Material provided:
--------
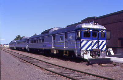The Lewis and Clark Explorer trainset, led by Oregon Department of Transporation RDC-3 BC-31, ex. British Columbia Railway BC-31:2, ex. Amtrak 43, exx. Burlington Northern 2350, nee Great Northern 2350 built by Budd Company in 1956. The middle was Oregon Department of Transporttiaon RDC-1 BC-10, nee British Columbia Railway BC-10 built by Budd Company in 1955. The rear RDC was Oregon Department of Transporttion RDC-1 BC-11, nee British Columbia Railway BC-11 built by Budd Company in 1956.
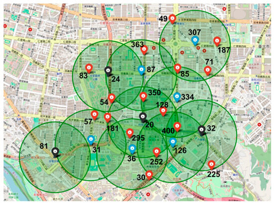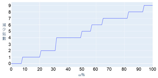 The performance of the proposed system was assessed quantitatively using simulations based on historical YouBike data in Da’an District, Taipei. As shown in Figure 9, this evaluation involved calculating the number of stations requiring manual adjustments as a function of the user compliance rate (ω%).
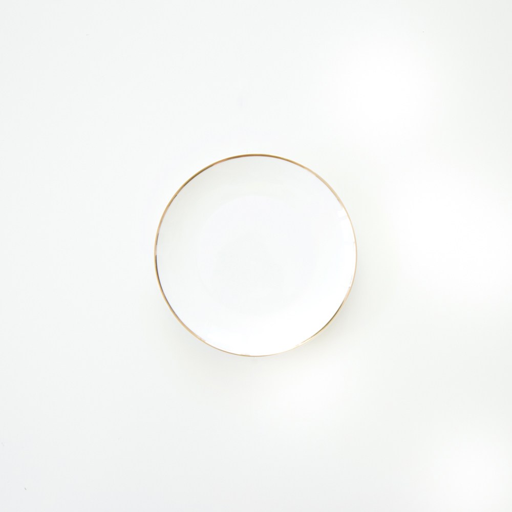 - (2) Salad Plates: (8”) White bone china with gold rim
--------
Assigned task:
Your answer must be an exact copy of the lines from the line with "The performance of" to the final line of the data, both ends included, and no pictures.

Result of the task:
 The performance of the proposed system was assessed quantitatively using simulations based on historical YouBike data in Da’an District, Taipei. As shown in Figure 9, this evaluation involved calculating the number of stations requiring manual adjustments as a function of the user compliance rate (ω%).
 - (2) Salad Plates: (8”) White bone china with gold rim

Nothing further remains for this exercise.